General Data Protection Regulation
The General Data Protection Regulation comes into force on 25 May 2018. It tightens up and strengthens the protections for individuals, when it comes to their personal data, which have been in force since the Data Protection Act was passed 19 years ago.
In Britain, we are often confused by the subject of data protection. Many people are willing to publicise on their social media to the world at large their name, address, what they look like, what their interests are, what their political leanings are (when for example they approve or disapprove of something Donald Trump has done), who their friends and relations are, what their interests are, what their political persuasions are and so on. However, they are then invited to be concerned about the disclosure of personal details such as their address, which they may regard as being public knowledge. The impetus for the new European Regulation has come from mainland Europe where many people and politicians see things differently and are much more concerned than us to protect privacy and to prevent snooping. Businesses here which wish to comply with the new regulation will need to change their mind-set to one which is much closer to that private, even shy model.
In doing so, companies will have to treat the holding of data rather like the handling of nuclear fuel: any business which holds the nuclear material will need to hold as little of it as possible, look after it carefully, make sure that they keep it under lock and key, transport it safely, and get rid of it as soon as they can.
The new regulation is about evolution not revolution. It builds on best practice under the Data Protection Act, and businesses which already comply with the Act will find it a short step to compliance with the regulation.
One of the new principles introduced by the regulation is an accountancy principle which states that businesses will need to create an evidential trail showing what they have done, so that they can demonstrate compliance if they are asked to.
As before, the regulation covers personal data, which is information of any kind (including name, address, a photograph or a sound file) about a living individual who can be identified. Under the regulation, it will now include information such as metadata and cookies which only a computer can see.
A business must have a lawful basis for processing data. This may be the consent of the data subject, i.e. the person the data is about, but there are five other grounds which do not require consent. These include that it is necessary for the performance of an employment contract with the data subject, which covers the holding of personnel files just as now.
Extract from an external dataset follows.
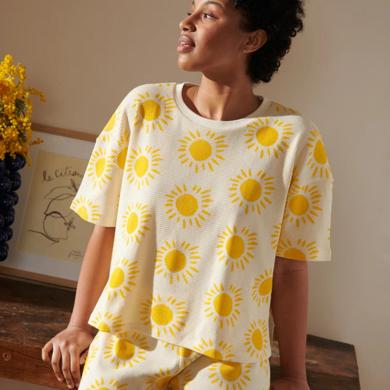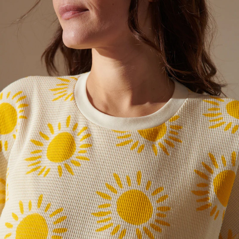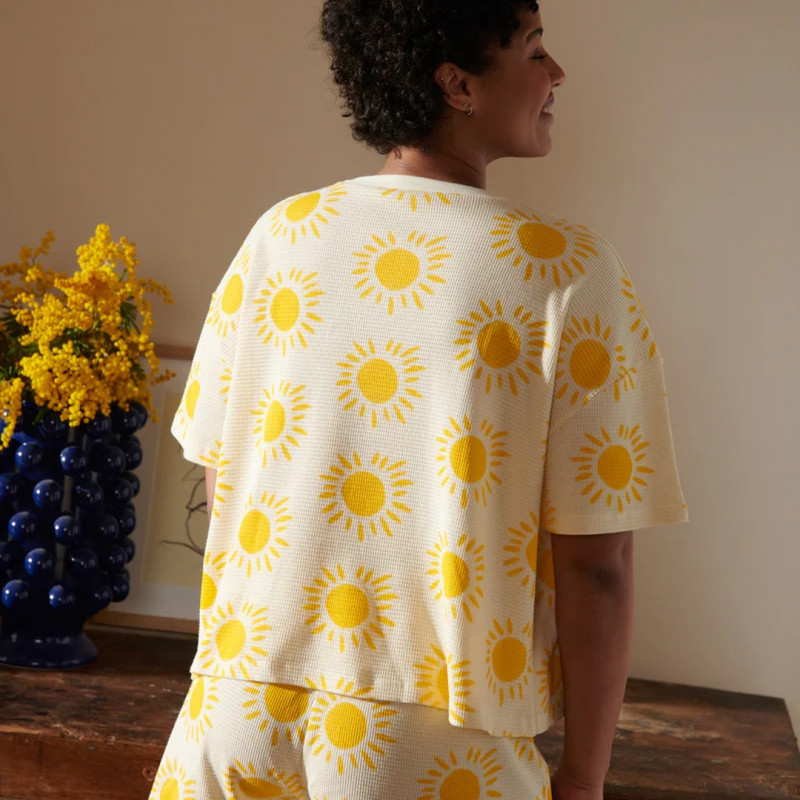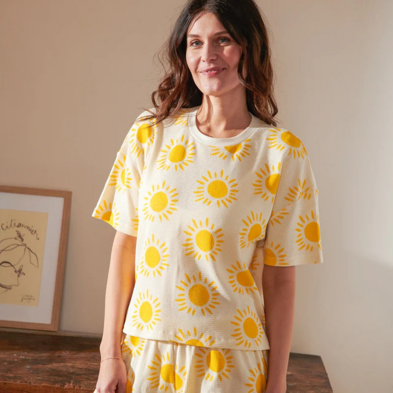 Le pyjama Gaufré Souléu de We Are Jolies se distingue par sa matière texturée : un coton biologique gaufré qui offre un toucher unique, aérien et légèrement structuré. Inspiré par la lumière et la chaleur du Sud de la France, son nom occitan lui confère une identité solaire.
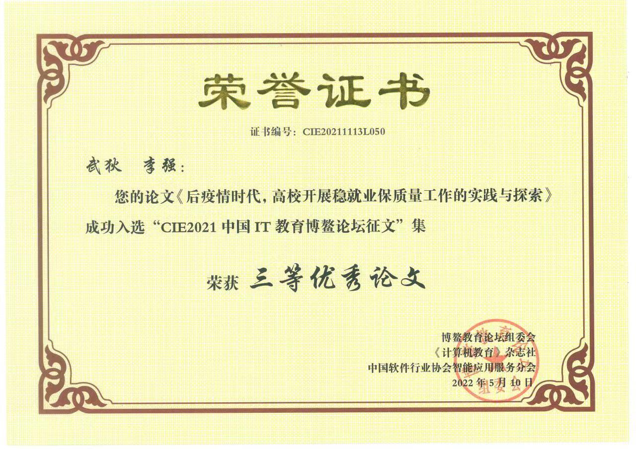 【官网】计算机与信息工程学院一直高度重视大学生就业创业工作的积累和总结,曾在2020年CIE中国IT教育论坛上获批中国软件行业校园招聘与实习公共服务平台百所试点院校和中国软件行业双万计划创始单位。这次获得全国优秀案例,是【官网】计算机学院多年深耕学生就业工作,研究新时期大学生就业工作特点取得的标志性成果。

There has been significant publicity about the increase in fines for non-compliance. Under the Data Protection Act, they are currently £500,000 or 1% of national turnover. That will rise to €20 million or 4% of global turnover. These warnings are likely, however, to have been overdone. In the UK, our regulator is the Information Commissioner's Office. The ICO generally issues warnings, reprimands and corrective orders instead of giving fines, and in fact fewer than one in 1,000 of their concluded cases recently has resulted in a fine. Even with the massive data breach affecting TalkTalk, the ICO has never given out a maximum fine.
There is still time for businesses to get their ducks in a row by 25 May 2018. They will, however, need to change their approach to data and to get a move on if they are to be ready in time.